ARNOLD—Approximately 20 miles north of Arnold on the Arnold-Dunning road, is located a new granite historical marker placed to ensure the settlement of Climax will not be forgotten. Located one-quarter mile west of the original site, the marker depicts a reproduction of the townsite from a drawing done by M.M. “Duke” Forrester, a teacher at the Climax School. The history of Climax has been perpetuated by Norene Hall Mills, aunt of Ross Ostergard and Lynn Hall, in her book, “Climax” about a school her father and aunt attended. Jack Ostergard and Mary Ostergard of Gothenburg helped in the placement of the marker and whose grandparents, Mr. and Mrs. James McFarland, lived near the site as well as their mother and an uncle who attended the school. Mr. Forrester had boarded with the McFarlands while teaching at the school. More information on Climax can be found in Mrs. Mills’ book available at the Arnold Library.—reported in the Arnold Sentinel.

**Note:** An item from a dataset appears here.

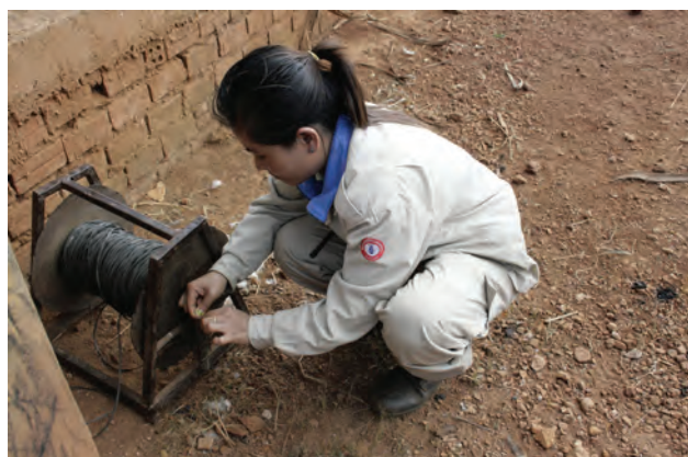
A female deminer prepares for the demolition of a bomb

International doctor practices at Callaway

CALLAWAY—Patients at Callaway District Hospital and Medical Clinics have noticed a different accent in the halls. Dr. Safana Makhoo of Edminton, Alberta, Canada, who had been attending the University of Nebraska Medical Center for her residency, is a truly international student who immigrated to Canada from Pakistan. She will be here until the end of the month. The biggest difference for Dr. Makhoo practicing at Callaway has been the slower pace of rural medicine.—reported in the Callaway Courier.